In 2006, he participated in the International Conference to Review the Global Vision of the Holocaust in Iran. At the conference, he stated that he did not deny the Holocaust, but questioned commonly accepted figures. He said that the number of six million Jewish dead had come from a prophecy by Theodore Herzl before the Second World War and that the actual number was closer to one million. His participation drew international criticism.

Due to attending the conference, his wife divorced him.

He was also excommunicated by Jewish communities in Antwerp and Vienna, and his children were denied entry to any communal Jewish institutions.
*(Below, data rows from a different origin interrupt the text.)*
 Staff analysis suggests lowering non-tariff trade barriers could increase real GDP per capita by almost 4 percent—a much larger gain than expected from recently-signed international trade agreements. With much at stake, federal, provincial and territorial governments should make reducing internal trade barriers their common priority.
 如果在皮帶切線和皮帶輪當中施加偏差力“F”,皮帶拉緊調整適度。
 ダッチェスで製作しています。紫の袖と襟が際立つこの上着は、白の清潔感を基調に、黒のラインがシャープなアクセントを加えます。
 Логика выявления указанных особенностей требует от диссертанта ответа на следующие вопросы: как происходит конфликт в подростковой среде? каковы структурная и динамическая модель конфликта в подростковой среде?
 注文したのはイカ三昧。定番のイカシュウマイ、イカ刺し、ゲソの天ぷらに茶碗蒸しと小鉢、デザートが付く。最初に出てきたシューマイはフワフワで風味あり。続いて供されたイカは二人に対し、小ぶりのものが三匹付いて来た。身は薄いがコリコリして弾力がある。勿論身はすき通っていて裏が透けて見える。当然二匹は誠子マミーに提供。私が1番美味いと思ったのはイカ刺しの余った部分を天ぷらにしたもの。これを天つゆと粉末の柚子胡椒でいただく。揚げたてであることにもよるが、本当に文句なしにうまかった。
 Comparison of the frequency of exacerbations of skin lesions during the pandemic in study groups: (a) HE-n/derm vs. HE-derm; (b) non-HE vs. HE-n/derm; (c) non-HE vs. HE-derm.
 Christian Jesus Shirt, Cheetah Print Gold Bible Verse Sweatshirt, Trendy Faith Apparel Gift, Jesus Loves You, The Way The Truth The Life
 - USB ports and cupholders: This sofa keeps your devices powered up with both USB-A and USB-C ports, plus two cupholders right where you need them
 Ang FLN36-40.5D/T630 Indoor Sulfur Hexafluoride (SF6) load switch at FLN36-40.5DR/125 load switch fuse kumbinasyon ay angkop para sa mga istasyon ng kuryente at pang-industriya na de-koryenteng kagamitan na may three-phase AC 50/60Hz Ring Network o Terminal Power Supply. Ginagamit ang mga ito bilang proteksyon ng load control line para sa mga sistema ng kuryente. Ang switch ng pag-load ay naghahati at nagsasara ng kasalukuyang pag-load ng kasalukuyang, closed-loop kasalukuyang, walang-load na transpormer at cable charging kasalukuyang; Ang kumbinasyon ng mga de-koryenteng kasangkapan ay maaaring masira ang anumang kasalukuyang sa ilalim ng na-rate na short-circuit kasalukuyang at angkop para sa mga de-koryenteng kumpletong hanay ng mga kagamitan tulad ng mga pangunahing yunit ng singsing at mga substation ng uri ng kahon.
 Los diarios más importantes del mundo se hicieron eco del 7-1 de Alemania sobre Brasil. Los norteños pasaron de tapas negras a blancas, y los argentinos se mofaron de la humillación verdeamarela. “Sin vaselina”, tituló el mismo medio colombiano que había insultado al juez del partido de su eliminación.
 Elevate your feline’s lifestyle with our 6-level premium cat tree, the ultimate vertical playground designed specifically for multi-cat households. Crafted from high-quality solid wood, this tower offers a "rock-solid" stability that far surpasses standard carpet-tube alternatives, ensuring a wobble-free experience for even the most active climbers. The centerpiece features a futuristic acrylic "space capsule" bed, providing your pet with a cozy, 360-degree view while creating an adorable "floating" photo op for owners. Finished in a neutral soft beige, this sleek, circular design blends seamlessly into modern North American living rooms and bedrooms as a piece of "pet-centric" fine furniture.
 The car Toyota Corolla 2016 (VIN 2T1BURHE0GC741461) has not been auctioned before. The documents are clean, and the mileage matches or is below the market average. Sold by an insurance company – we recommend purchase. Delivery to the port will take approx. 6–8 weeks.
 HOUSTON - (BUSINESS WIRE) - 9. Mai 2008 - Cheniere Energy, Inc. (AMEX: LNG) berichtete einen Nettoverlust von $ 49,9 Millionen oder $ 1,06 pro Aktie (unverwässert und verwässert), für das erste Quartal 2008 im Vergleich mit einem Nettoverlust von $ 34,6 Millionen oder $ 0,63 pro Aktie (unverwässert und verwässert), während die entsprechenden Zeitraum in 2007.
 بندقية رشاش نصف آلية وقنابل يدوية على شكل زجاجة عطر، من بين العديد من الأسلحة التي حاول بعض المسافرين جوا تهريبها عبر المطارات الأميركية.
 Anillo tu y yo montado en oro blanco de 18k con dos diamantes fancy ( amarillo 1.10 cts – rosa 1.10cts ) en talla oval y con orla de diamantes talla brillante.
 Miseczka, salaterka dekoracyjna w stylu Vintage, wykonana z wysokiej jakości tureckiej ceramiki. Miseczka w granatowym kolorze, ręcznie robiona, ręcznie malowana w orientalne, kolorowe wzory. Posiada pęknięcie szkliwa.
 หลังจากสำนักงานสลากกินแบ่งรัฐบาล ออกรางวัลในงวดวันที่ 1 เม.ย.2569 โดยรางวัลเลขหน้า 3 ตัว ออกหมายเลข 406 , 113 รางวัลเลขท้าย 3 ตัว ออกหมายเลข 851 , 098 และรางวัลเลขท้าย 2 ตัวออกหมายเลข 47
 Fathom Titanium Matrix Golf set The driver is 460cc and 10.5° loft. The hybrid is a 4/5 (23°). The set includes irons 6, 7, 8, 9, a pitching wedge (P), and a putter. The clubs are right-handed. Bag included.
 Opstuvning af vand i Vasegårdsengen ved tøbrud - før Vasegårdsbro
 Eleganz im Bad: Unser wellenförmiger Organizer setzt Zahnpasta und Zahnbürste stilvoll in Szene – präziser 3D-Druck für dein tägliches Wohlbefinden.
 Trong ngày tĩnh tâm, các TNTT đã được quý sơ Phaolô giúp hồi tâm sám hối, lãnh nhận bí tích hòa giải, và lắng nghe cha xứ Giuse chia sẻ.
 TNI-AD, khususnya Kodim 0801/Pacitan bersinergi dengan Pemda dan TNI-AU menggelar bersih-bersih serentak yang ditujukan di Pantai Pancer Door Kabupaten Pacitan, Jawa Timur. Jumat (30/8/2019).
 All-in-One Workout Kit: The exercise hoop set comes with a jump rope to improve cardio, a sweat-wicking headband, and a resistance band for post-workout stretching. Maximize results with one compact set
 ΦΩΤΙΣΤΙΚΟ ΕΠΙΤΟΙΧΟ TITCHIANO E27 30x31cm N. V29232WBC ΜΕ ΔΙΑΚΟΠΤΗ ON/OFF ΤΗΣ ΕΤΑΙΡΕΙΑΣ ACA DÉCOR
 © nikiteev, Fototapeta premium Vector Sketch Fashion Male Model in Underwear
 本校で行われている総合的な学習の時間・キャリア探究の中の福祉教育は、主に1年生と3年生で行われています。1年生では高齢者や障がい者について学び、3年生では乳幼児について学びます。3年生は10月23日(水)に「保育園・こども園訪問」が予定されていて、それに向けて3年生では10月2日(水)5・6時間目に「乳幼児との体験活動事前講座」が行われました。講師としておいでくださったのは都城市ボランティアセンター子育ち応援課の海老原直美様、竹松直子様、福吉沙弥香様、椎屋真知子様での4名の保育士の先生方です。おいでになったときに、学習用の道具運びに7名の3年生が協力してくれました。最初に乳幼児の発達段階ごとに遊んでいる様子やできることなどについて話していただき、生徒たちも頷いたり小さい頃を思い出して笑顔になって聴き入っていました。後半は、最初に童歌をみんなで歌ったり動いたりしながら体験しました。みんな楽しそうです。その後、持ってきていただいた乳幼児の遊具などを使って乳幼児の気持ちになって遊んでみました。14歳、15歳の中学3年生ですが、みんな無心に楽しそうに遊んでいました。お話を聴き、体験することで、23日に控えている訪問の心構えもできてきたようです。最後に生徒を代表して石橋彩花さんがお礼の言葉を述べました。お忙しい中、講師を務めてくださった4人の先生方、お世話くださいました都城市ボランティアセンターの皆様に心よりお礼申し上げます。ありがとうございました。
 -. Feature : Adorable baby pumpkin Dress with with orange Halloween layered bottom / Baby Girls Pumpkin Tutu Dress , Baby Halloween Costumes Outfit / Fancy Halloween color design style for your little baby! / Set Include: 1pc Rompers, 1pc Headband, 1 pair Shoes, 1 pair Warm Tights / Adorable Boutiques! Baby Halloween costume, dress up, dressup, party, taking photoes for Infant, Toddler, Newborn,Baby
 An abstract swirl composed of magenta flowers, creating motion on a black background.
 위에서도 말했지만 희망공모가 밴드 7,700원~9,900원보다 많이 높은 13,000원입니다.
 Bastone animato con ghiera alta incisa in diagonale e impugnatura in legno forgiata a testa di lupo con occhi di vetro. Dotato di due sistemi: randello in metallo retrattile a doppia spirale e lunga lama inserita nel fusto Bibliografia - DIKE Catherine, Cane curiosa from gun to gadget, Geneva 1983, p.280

In 2026, Friedman claimed a ring given to US President Donald Trump from the Antwerp diamond industry on the occasion of the 250th anniversary of the United States was a bribe so the American government would exert political pressure on Belgium in the ongoing investigation into ritual circumcisions. In response to this Ambassador White called these false accusations and said that ‘’literally everything this con artist spouts is fake news.”

== Disputes with Jewish communities ==
Following his participation in the 2006 conference, Friedman was ostracised by the Jewish community in Austria in 2007.

After moving to Antwerp in 2011, Friedman became involved in a legal dispute over schooling. In 2012, a Belgian court ordered a Jewish girls' school to admit his sons due to a lack of alternatives, but the decision was overturned on appeal in 2013.

As a result of this incident, Friedman’s mother Malka Friedman, who lives in America, requested that the children be removed from his custody.

In August 2026, the Jewish Information and Documentation Center (JID), the Forum of Jewish Organizations (FJO), the CCOJB, the European Jewish Association (EJA), and the Rabbinical Centre of Europe (RCE) issued a joint statement that Friedman does not represent any recognized institution and has no mandate to speak on behalf of the Jewish community. They also asked journalists, politicians and public institutions to stop presenting Friedman as some sort of representative of the Jewish community.

== Legal activism ==
In 2023 and 2024, Friedman filed complaints in Antwerp and Brussels concerning circumcision practices performed outside recognised medical frameworks.

According to reporting by VRT NWS, his complaint contributed to a judicial investigation into controversial circumcision practices in Antwerp.

He has been particularly critical of metzitzah b’peh, a traditional circumcision practice involving oral suction.

In May 2026, it was reported that Friedman had filed additional complaints in Vienna and Zurich concerning circumcision practices, stating that procedures performed in those cities posed risks to newborns due to inadequate hygiene and medical oversight. The Zurich Public Prosecutor's Office confirmed that his complaint was under investigation.

Around the same time, the Antwerp Public Prosecutor's office announced its intention to criminally prosecute two Jewish circumcisers on charges of assault and battery and the unauthorised practice of medicine. The prosecutions prompted criticism from the United States Ambassador to Belgium, Bill White, who argued that such criminal charges constituted a restriction on religious freedom. The Belgian government rejected this position, accusing the ambassador of interference in domestic and judicial affairs.

The Antwerp Public Prosecutor's Office subsequently confirmed that the two men would be charged with intentional bodily harm with premeditation against minors, with a hearing before the pre-trial chamber scheduled for 18 June 2026. Israeli Foreign Minister Gideon Sa'ar condemned the indictments, and representatives of Antwerp's Jewish community distanced themselves from Friedman, stating that he was not affiliated with any recognised Jewish institution and that his positions were widely rejected within the community.